A big smile crossed the man’s face. He immediately said, “I went to church every Sunday, Holy Day and most other days as well.”
St. Peter typed on his computer and a few seconds later said, “Very good. That’s 1 point.”
“One point?!?” gasped the man. “Ok, my wife and I ran a soup kitchen for 30 years where we served dozens of people, three meals a day, seven days a week.”
St. Peter looked at his computer. “Very good. That’s another point!”
The man blanched and a cold sweat came upon his brow. “Um, I was married to my wife for 50 years. I was a virgin when we married and I never so much as thought about another woman!”
“Great! Another point!”
The man began to get desperate, his knees began to shake. “I said a Rosary every day for my entire life!”
“Wow! That’s a half a point!”
At this the man collapsed onto his knees. The realization of his unworthiness hit him like a ton of bricks. He began to sob. “The only way I’m going to get in is by the Grace of God!”
“Congratulations, that’s 1000 points. Welcome to heaven!”

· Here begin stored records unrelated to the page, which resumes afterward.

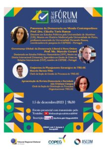 Vem aí o XI Fórum da Justiça Eleitoral! No dia 15 de dezembro de 2023, o Tribunal Regional Eleitoral de Sergipe (TRE-SE) promoverá o XI Fórum da Justiça Eleitoral. O evento acontecerá presencialmente, a partir das 9h30, no auditório anexo do edifício-sede. As inscrições são gratuitas e podem ser realizadas por meio do seguinte link (para quem deseja receber o certificado do evento): Inscrição – XI Fórum da Justiça Eleitoral.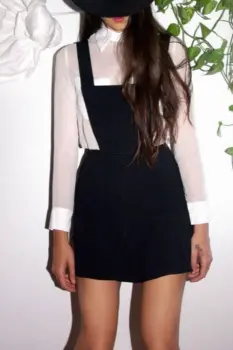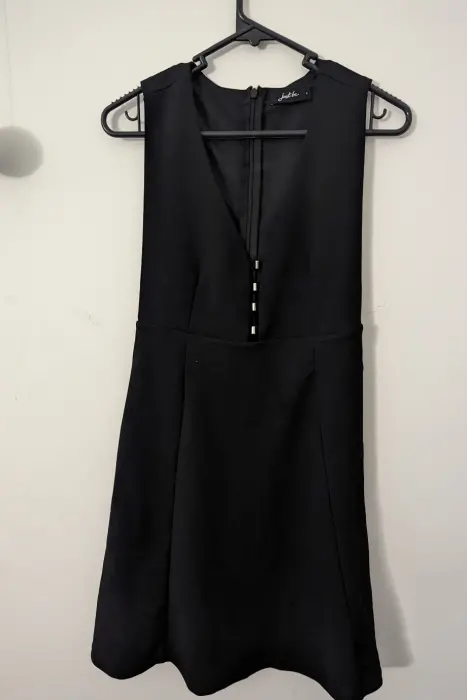 Vestido corto. Vestido casual tipo jumper con abertura a los costados y enfrente, detalles de plate en el frente. Primera y ultima imagen de referencia.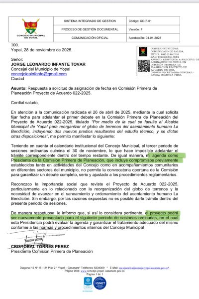 El trámite legislativo del Proyecto de Acuerdo 022-2025, que busca reorganizar los terrenos del asentamiento humano La Bendición en Yopal, no se realizará este año. La solicitud del concejal Jorge Leonardo Infante Tovar para fijar una fecha de debate fue respondida de manera formal por el presidente de la Comisión Primera de Planeación, Cristóbal Torres Pérez argumentando que por su apretada agenda no le quedó tiempo este año.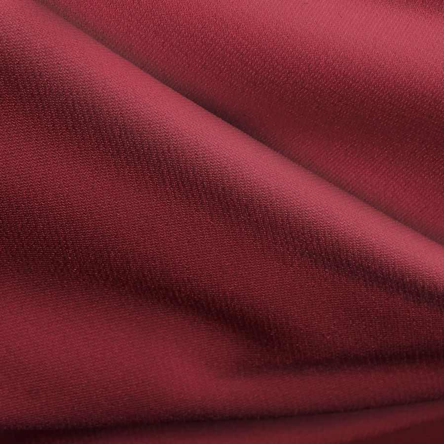 La tela base de este tejido es el Punto Sintético con Spandex - Support, compuesta por un 95% de POLIÉSTER y un 5% de ELASTANO, con un gramaje de 237 gr/m2 y una anchura de 152 cm. Su color liso impreso es un rojo borgoña, conseguido mediante la tecnología de sublimación con un CMYK de 32 99 75 45. Este color es de tonalidad oscura y profunda, con matices violetas y una apariencia muy elegante. Combina bien con otros colores oscuros como el negro, el azul marino o el verde forestal.

This is Catholic teaching.
 Named after Pelagius, a 5th Century heretical theologian who taught Original Sin did not exist and essentially that man could save himself without God’s help.
 CCC 161
 cf CCC 1983, 1996-2005
 Note that the Ephesians passages denotes a difference between ‘works’ – believed to be a reference to ‘Works of the Law’ or the Jewish ritualistic cleanliness laws – and ‘good works’ which are not only not condemned, but shown to be the reason for our existence!